The waiter pulled her chair back and Dr Hughes sat. We’d met when I was in her junior-level Principles of Genetics class five months ago. Upon entering college, I gravitated to biology, barely looking at the major requirements for English Literature or Art History. It was only natural that I would study genetics, as it had been the only thing that had held my interest for years. The first few freshman and sophomore-level biology classes were simple and basic, but once I got to Dr Hughes’s level, things became complicated, full of diseases to memorize, case studies, new technical methods by which to isolate DNA, a lot of genotypes and markers and chemicals and a lot of problem sets. At that level, we were learning how to look for mutations in a gene, and that these mutations could lead to dire outcomes, impacting not only our general health, but also our behavior and psychological well-being.
I’d studied harder for her class than I ever studied for anything before, gobbling up the information. A few days after the first exam, Dr Hughes had pulled me aside and told me she wanted to meet me here, at this diner. I had never said a word to her before that.
Dr Hughes had stared at me when I walked down the diner’s aisle toward her. I was wearing a long skirt, and so was she. I thought perh
aps she might be angry that we were dressed too similarly. When I reached her booth, she said, ‘You got every question on my exam correct.’
‘Every single question?’ I repeated.
‘Yes. No one has done that before.’
Not the group of Russian boys who sat up front and answered everything? Not the overweight girl in the back who seemed to have the textbook memorized? Not the pale, fleshy boy named Dieter who wore the athletic-inspired t-shirt that said Watsoncrombie & Crick, Genetics Department? I was a little bit afraid of people in the genetics class-they took themselves so seriously.
‘I’m sorry.’ It was the only thing I could think to say.
‘Don’t apologize.’ She narrowed her small, brown eyes. ‘But how did you get every question right?’
‘I don’t know. I studied.’
Her mouth fell open. Apparently, this was novel to her. I had paused, still not sure if I should sit down.
Now, Dr Hughes blotted her forehead with a napkin. ‘This humidity is killing me. I need to live somewhere dry. Arizona. Or maybe California.’
‘My brother’s in California,’ I volunteered.
‘Lucky.’ She clucked her tongue. ‘What’s he doing out there?’
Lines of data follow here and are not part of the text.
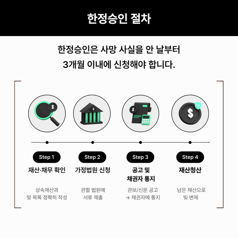 특히 한정승인 절차는 복잡한 법적 절차와 기한, 요건이 얽혀 있어
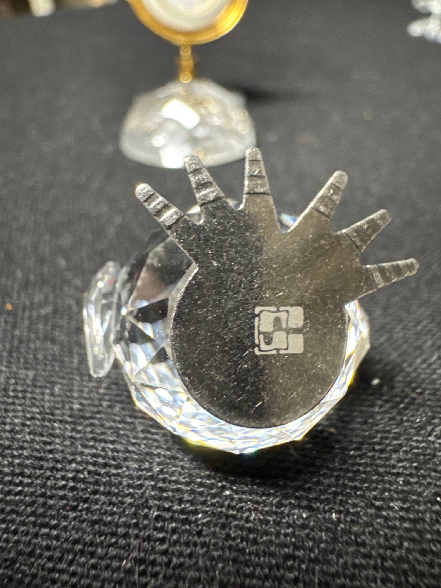 includes three pieces of Swarovski crystal
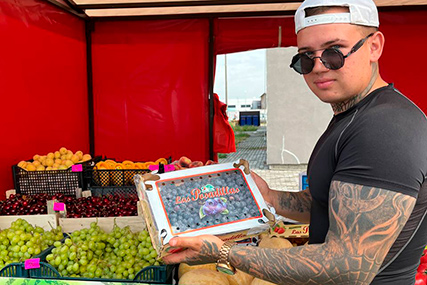 В 9 утра на рынке немноголюдно. На входе покупателей встречает жизнерадостный продавец с предложением купить у него черешню и голубику. Ягода крупная и сладкая, предлагает попробовать.
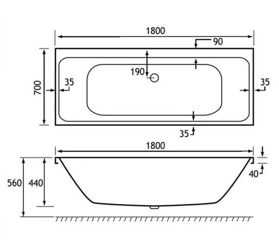 - Specification of 1800 x 700mm Bath:.
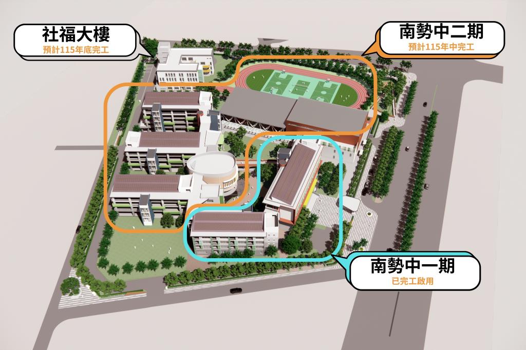 同時,校園規劃於115年底完成社福大樓,提供幼兒園、托育中心與托老中心等設施,形成從幼兒到銀髮族的全齡服務體系,實踐學校與社區共榮的教育願景。整體工程採綠建築與智慧建築雙標章設計,導入AI智慧教學系統與節能監控技術,打造智慧永續校園新典範。
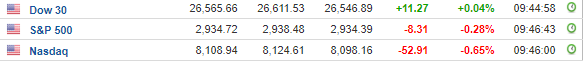 Περί τις 16:30, ο Dow Jones ενισχύεται κατά 0,1% στις 26.579 μονάδες, ο S&P 500 σημειώνει πτώση 0,2% στις 2.938 μονάδες, ενώ ο Nasdaq κινείται κατά 0,5% χαμηλότερα στις 8.120 μονάδες.
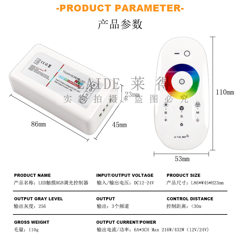 仕様 モノクロリモコンタッチ調光器,2色リモコンタッチ調光器,RGBリモコンタッチ調光器,RGBWリモコンタッチ調光器
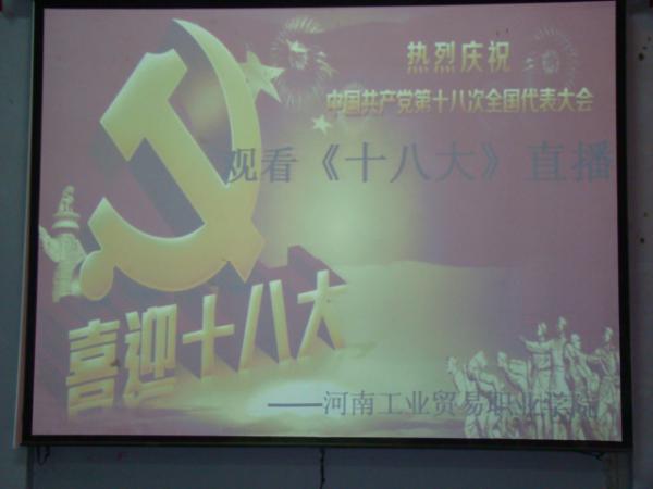 五、11月8日,运用校园广播、展板和团委网站,组织学生学习领会十八大会议精神。院团委利用校园广播循环播放十八大大会主题以及参会代表团、大会日程、五项议程等内容,并预祝党的十八大胜利召开、圆满成功。

‘He’s at Berkeley, taking some graduate classes. Or at least that’s what he was doing last time I talked to him.’ After my father told Steven that my mother had written him a letter, proving she was alive, Steven had dropped his fascination with terrorists, which made me wonder if he truly had linked the two things together. He’d taken off for California that following year. We got letters from him every once in a while-he was taking computer science classes and doing freelance work for various Internet start-ups. Everyone in Northern California, he intimated, was doing freelance work for Internet start-ups.
Dr Hughes settled down and looked at the menu, pushing up the sleeves of her thick, cable-knit sweater. She dressed more like an artist than a scientist, and had stiff, frizzy, salt-and-pepper hair, a long, thin nose, and glasses that magnified her eyes. She liked to yell at people during class, to give impossible exams, to say, on the first day, while passing out the syllabus, ‘We move fast because science moves fast. If you can’t keep up, I suggest you study something in the liberal arts.’ She called everyone by their last name-Davis, Cameron, Lorie. She never specified gender, and admitted to me once that she hated how the science departments were disproportionately male.